**Data extract**
===============
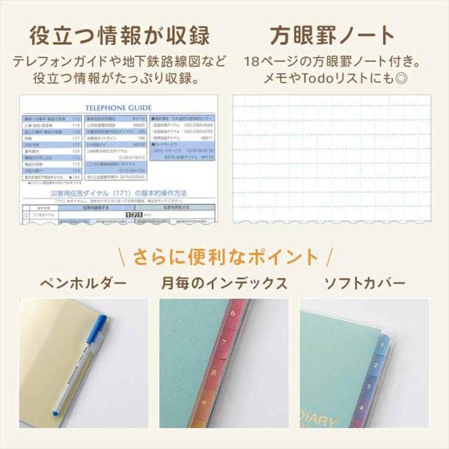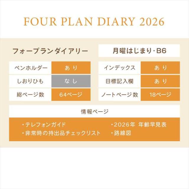 ![]() ![]() ![]() 左ページは予定を把握しやすい月間ブロックタイプ。 ![]() 複数の予定を同時に管理できるので、家族の予定や献立などの管理にぴったり! ![]() 見開きでまとめて管理できる年間スケジュール表もあります。 ![]() 目標設定と月間集計表付きでコンパクトに管理できます。 ![]() 方眼ノート、テレフォンガイド、路線図、役立つ情報がたっぷり!便利なペンホルダー、毎月のインデックス、ソフトカバー付きです。 ![]() ![]() ![]() ![]() →A5サイズはこちら ![]() ![]() Details 【フォープランダイアリー B6】 見開きで月間ブロックと4項目の予定が見れるダイアリー。 左ページがマンスリーで1ヶ月の予定を把握しやすく、右ページの4プランリストで4項目の予定が書き込めます。 仕事のプロジェクト、勉強、趣味、家計簿、献立の記録など、並行したり種類別に書き込みたいことがあるときにとっても便利。家族の予定も書き込めるので家族ダイアリーとしてもぴったりです。 表紙とインデックスは金の箔押し入り。シンプルで可愛いスケジュール帳です。 品番 RFD2655A / RFD2655M / RFD2655V サイズ 約H187×W128×D5mm 重量 約115g 素材 カバー:PVC 生産国 日本 ご注意 ※表記サイズより、多少の誤差があることがございます。 ※商品の画像はできる限り実物に近づけるよう配慮しておりますが、お使いのモニターやご覧になる環境によりましてはカラーの見え方に差が出る場合がございます。ご了承くださいませ。 ※メール便発送の場合タグを切ってパッケージから出して発送する場合があります。ご了承くださいませ。 関連キーワード diary くすみカラー パステルカラー 水色 緑 ミント 4人分 家族の予定 趣味 プライベート 献立 種類別 イヤープラン 方眼ノート リスト 薄型 持ち運び 10代 20代 30代 40代 50代 60代 中学校 高校 大学 中学生 高校生 大学生 先生 学生 学校 通学 通勤 女性 女子 女の子 誕生日 プレゼント プチ ミニ ギフト 母の日 父の日 おしゃれ オシャレ お洒落 かわいい 可愛い カワイイ シンプル 手帳 2026年 B6 マンスリー ダイアリー フォープランダイアリー 12月始まり 1月始まり 4月始まり スケジュール帳 レイメイ藤井 家族手帳 ノート 家計簿 管理 仕事 月曜始まり 月間 1ヶ月 デイリー 4項目 薄い スリム コンパクト 小さめ ファミリー手帳 家族ダイアリー ミニ 複数 予定 勉強 記録 目標設定 インデックス ペンホルダー ソフトカバー 箔押し ブルー ピンク グリーン | |||||||||||||
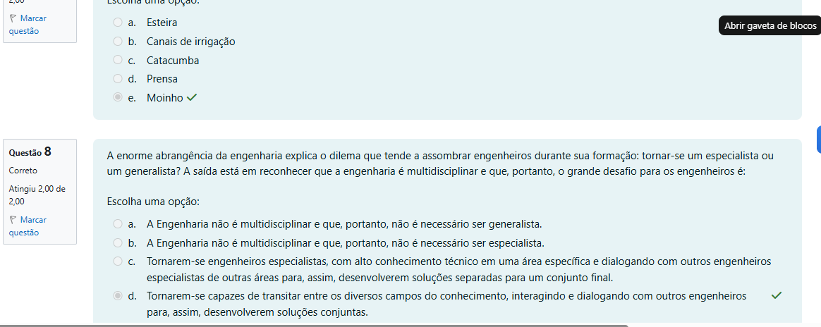 Marcar a. Esteira Abrir gaveta de blocos questão b. Canais de irrigação C. Catacumba d. Prensa e. Moinho Questão 8 A enorme abrangência da engenharia explica O dilema que tende a assombrar engenheiros durante sua formação: tornar-se um especialista ou Correto um generalista? A está em reconhecer que a engenharia é multidisciplinar e que, portanto, O grande desafio para engenheiros é: Atingiu 2,00 de 2,00 Escolha uma opção: Marcar a. A Engenharia não é multidisciplinar e que, portanto, não é necessário ser generalista. questão b. A Engenharia não é multidisciplinar e que, portanto, não é necessário ser especialista. C. Tornarem-se engenheiros especialistas, com alto conhecimento técnico em uma específica e dialogando com outros engenheiros especialistas de outras áreas para, assim, desenvolverem soluções separadas para um conjunto final. d. Tornarem-se capazes de transitar entre os diversos campos do conhecimento, interagindo e dialogando com outros engenheiros para, assim, desenvolverem soluções conjuntas.
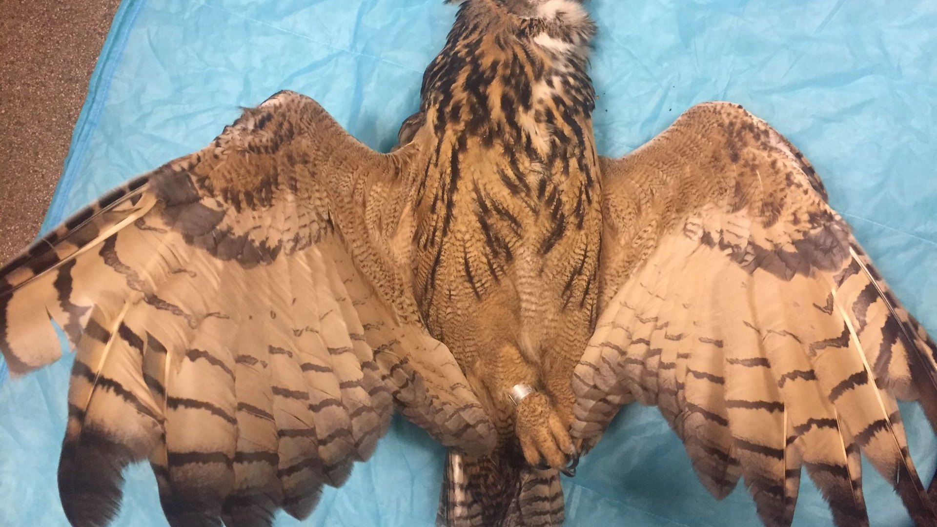 Een verkeerscontrole bij Beugen heeft vrijdagavond een onfortuinlijk slachtoffer geëist. Geen snelheidsduivel die op de bon werd geslingerd, maar een enorme oehoe. Het arme dier vloog in volle vaart tegen een politiebusje en overleefde de klap niet.
===============
**Activity**
Hand back the data above exactly, leaving out all pictures.

**Output of the exercise**
 ![]() ![]() ![]() 左ページは予定を把握しやすい月間ブロックタイプ。 ![]() 複数の予定を同時に管理できるので、家族の予定や献立などの管理にぴったり! ![]() 見開きでまとめて管理できる年間スケジュール表もあります。 ![]() 目標設定と月間集計表付きでコンパクトに管理できます。 ![]() 方眼ノート、テレフォンガイド、路線図、役立つ情報がたっぷり!便利なペンホルダー、毎月のインデックス、ソフトカバー付きです。 ![]() ![]() ![]() ![]() →A5サイズはこちら ![]() ![]() Details 【フォープランダイアリー B6】 見開きで月間ブロックと4項目の予定が見れるダイアリー。 左ページがマンスリーで1ヶ月の予定を把握しやすく、右ページの4プランリストで4項目の予定が書き込めます。 仕事のプロジェクト、勉強、趣味、家計簿、献立の記録など、並行したり種類別に書き込みたいことがあるときにとっても便利。家族の予定も書き込めるので家族ダイアリーとしてもぴったりです。 表紙とインデックスは金の箔押し入り。シンプルで可愛いスケジュール帳です。 品番 RFD2655A / RFD2655M / RFD2655V サイズ 約H187×W128×D5mm 重量 約115g 素材 カバー:PVC 生産国 日本 ご注意 ※表記サイズより、多少の誤差があることがございます。 ※商品の画像はできる限り実物に近づけるよう配慮しておりますが、お使いのモニターやご覧になる環境によりましてはカラーの見え方に差が出る場合がございます。ご了承くださいませ。 ※メール便発送の場合タグを切ってパッケージから出して発送する場合があります。ご了承くださいませ。 関連キーワード diary くすみカラー パステルカラー 水色 緑 ミント 4人分 家族の予定 趣味 プライベート 献立 種類別 イヤープラン 方眼ノート リスト 薄型 持ち運び 10代 20代 30代 40代 50代 60代 中学校 高校 大学 中学生 高校生 大学生 先生 学生 学校 通学 通勤 女性 女子 女の子 誕生日 プレゼント プチ ミニ ギフト 母の日 父の日 おしゃれ オシャレ お洒落 かわいい 可愛い カワイイ シンプル 手帳 2026年 B6 マンスリー ダイアリー フォープランダイアリー 12月始まり 1月始まり 4月始まり スケジュール帳 レイメイ藤井 家族手帳 ノート 家計簿 管理 仕事 月曜始まり 月間 1ヶ月 デイリー 4項目 薄い スリム コンパクト 小さめ ファミリー手帳 家族ダイアリー ミニ 複数 予定 勉強 記録 目標設定 インデックス ペンホルダー ソフトカバー 箔押し ブルー ピンク グリーン | |||||||||||||
 Marcar a. Esteira Abrir gaveta de blocos questão b. Canais de irrigação C. Catacumba d. Prensa e. Moinho Questão 8 A enorme abrangência da engenharia explica O dilema que tende a assombrar engenheiros durante sua formação: tornar-se um especialista ou Correto um generalista? A está em reconhecer que a engenharia é multidisciplinar e que, portanto, O grande desafio para engenheiros é: Atingiu 2,00 de 2,00 Escolha uma opção: Marcar a. A Engenharia não é multidisciplinar e que, portanto, não é necessário ser generalista. questão b. A Engenharia não é multidisciplinar e que, portanto, não é necessário ser especialista. C. Tornarem-se engenheiros especialistas, com alto conhecimento técnico em uma específica e dialogando com outros engenheiros especialistas de outras áreas para, assim, desenvolverem soluções separadas para um conjunto final. d. Tornarem-se capazes de transitar entre os diversos campos do conhecimento, interagindo e dialogando com outros engenheiros para, assim, desenvolverem soluções conjuntas.
 Een verkeerscontrole bij Beugen heeft vrijdagavond een onfortuinlijk slachtoffer geëist. Geen snelheidsduivel die op de bon werd geslingerd, maar een enorme oehoe. Het arme dier vloog in volle vaart tegen een politiebusje en overleefde de klap niet.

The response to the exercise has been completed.